Pendant que les membres de l'Association collaborent dans leurs paroisses respectives à la préparation de la visite de François, Reecontro s’organise pour héberger une douzaine de pèlerins venus des provinces les plus lointaines, au siège de l’association.

Un cadeau dans l’avion du Pape

Dans le vol papal, il y a un cadeau pour les enfants de Reencontro: des fournitures scolaires, des équipements sportifs, des vêtements, des jouets et une petite contribution financière. Tout cela est le résultat d'une collecte organisée par l'Association D.VA (Femmes au Vatican), entre ses membres, des collègues et des personnes de bonne volonté. C'est un signe d'amour et de solidarité entre deux associations de femmes qui ont en commun les valeurs chrétiennes et une attention mutuelle, en particulier, pour les enfants.
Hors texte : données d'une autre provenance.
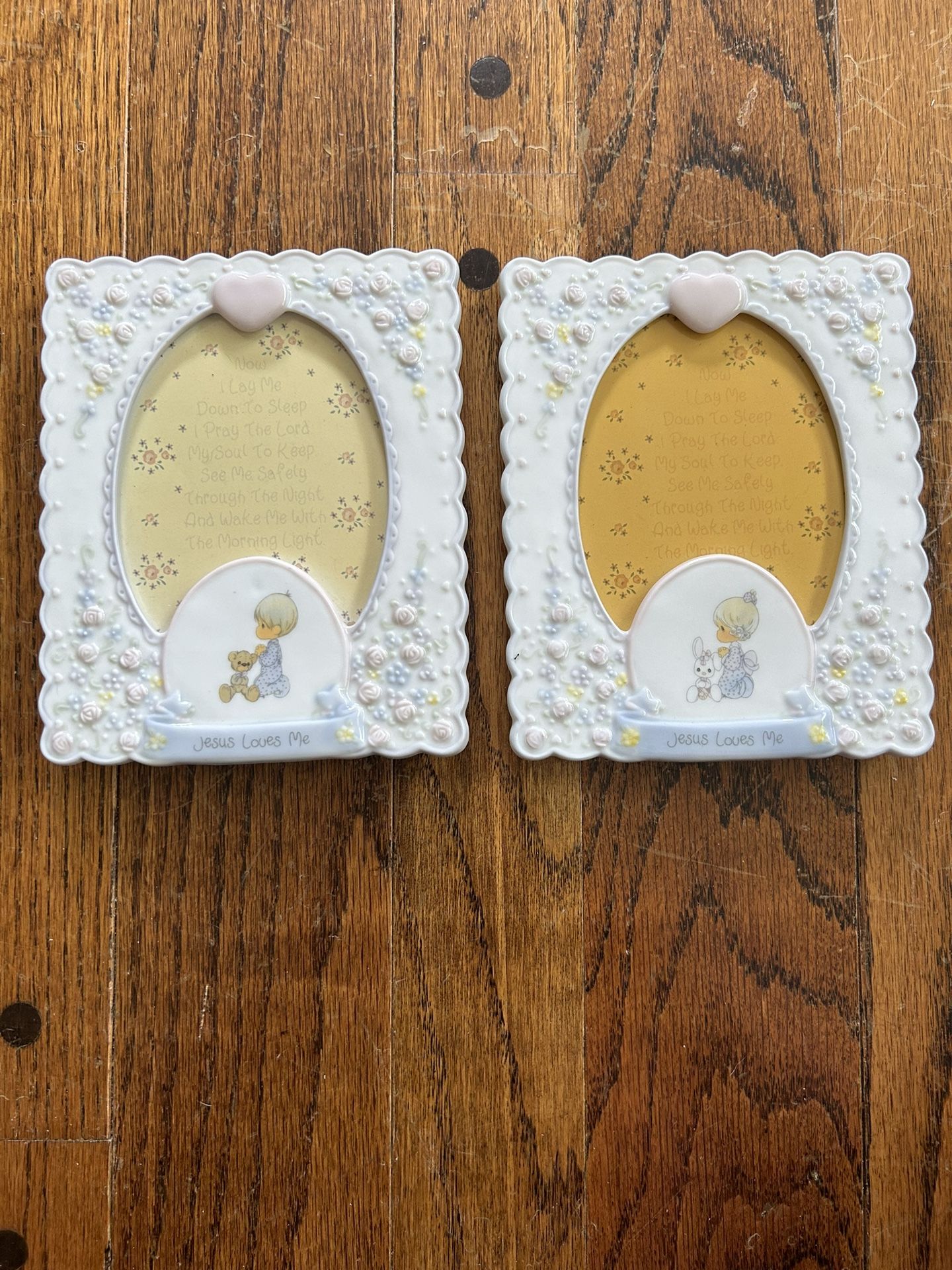 These are a pair of Precious Moments frames, boy and girl praying. They have a poem in them and it is faded so they can be used as a regular frame now. They have table top stands and are ceramic and have no chips or cracks. Have been stored in a curio cabinet and have not been handled. They are very sweet. They measure 5” w x 6” h and the opening is 3” W x 4” H. Come from a non smoking no pet home. Pickup only. No deliveries. No long term holds please. Cross posted.

Construire et préserver la richesse anthropologique

Olinda et ses amis de l’association veillent à ce que les enfants grandissent sains et intègres, à l'abri de la menace d'une future pauvreté anthropologique liée à la pauvreté matérielle. Reencontro fait son possible avec les moyens à sa disposition. Mais, dit Olinda, «l'aide des autres est la bienvenue. Nous avons besoin de vos forces et ces forces peuvent aussi venir de la prière».